I was getting a bit bored of making salmon as a fillet for dinner and thus found an alternate method to get my dose of fish. The solution was to turn the salmon into a burger patty that is topped with some juicy fresh flavors.
If you aren’t following the AIP diet you could serve this on a bun, add a garlic mayo or pepperjack cheese, etc. But honestly, those ideas may just distract from the elegant flavors that this recipe offers. I’d suggest you try it once as written and modify to your tastes from there. Who knows, you might like this healthier flavor!
This pairs nicely with an asparagus/carrot/mushroom/onion sautee, garlic mashed potatoes, rice, etc. for a great meal.
- 1 Cucumber chopped
- 1 Orange Peeled, wedges chopped
- 8 large Green Olives diced
- 1/8 cup Cilantro chopped
- 1/2 tbsp Lemon Juice
- 1/2 tsp Sea Salt
- 1 lb Salmon skin removed
- 1/3 cup Coconut Flour
- 1 Egg
- 1 tbsp Olive Oil
- 1/4 cup Red Onion chopped
- 1/2 tsp Garlic Powder
- 1/2 tsp Dried Thyme
- 1/2 tsp Dried Parsley
- 1 tsp Sea Salt
- Olive Oil for frying
- Mix all the ingredients together in a bowl.
- Chill in the refrigerator until ready to serve.

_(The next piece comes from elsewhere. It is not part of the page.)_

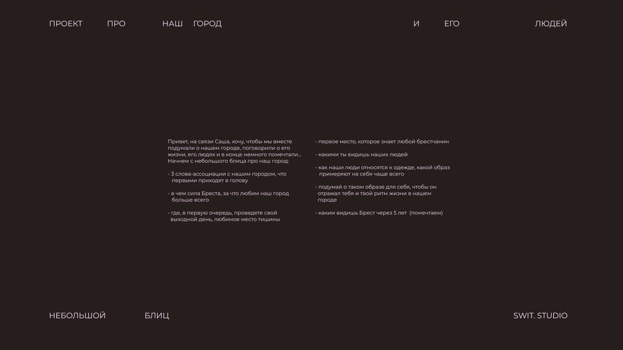 Для брестчан, которые согласились принять участие в моем исследовании, я подготовила презентацию с вопросами о нашем городе, над которыми мы вместе размышляли. Многие из ответов останутся в личном диалоге, с помощью них мы смогли подготовить выводы к гипотезе исследования.

Can be made ahead of time.
- Place the salmon in a food processor and pulse until it is finely chopped and similar in size to ground chicken. Alternately, you can chop the salmon very finely with a sharp knife.
- Crack the egg into a bowl and whisk.
- Add to the bowl with the egg the salmon, coconut flour, onion, garlic powder, salt, thyme, parsley, and 1 tbsp. olive oil. Mix with a spoon until just combined.
- Form into 3 equally sized burger patties.
- Heat a skillet over medium heat with olive oil. Cover and cook burgers on each side until golden, about 5 minutes per side. Cook until the internal temperature is 165°
- Serve the patty on a plate with a generous helping of the Citrus and Cucumber salad spooned on top.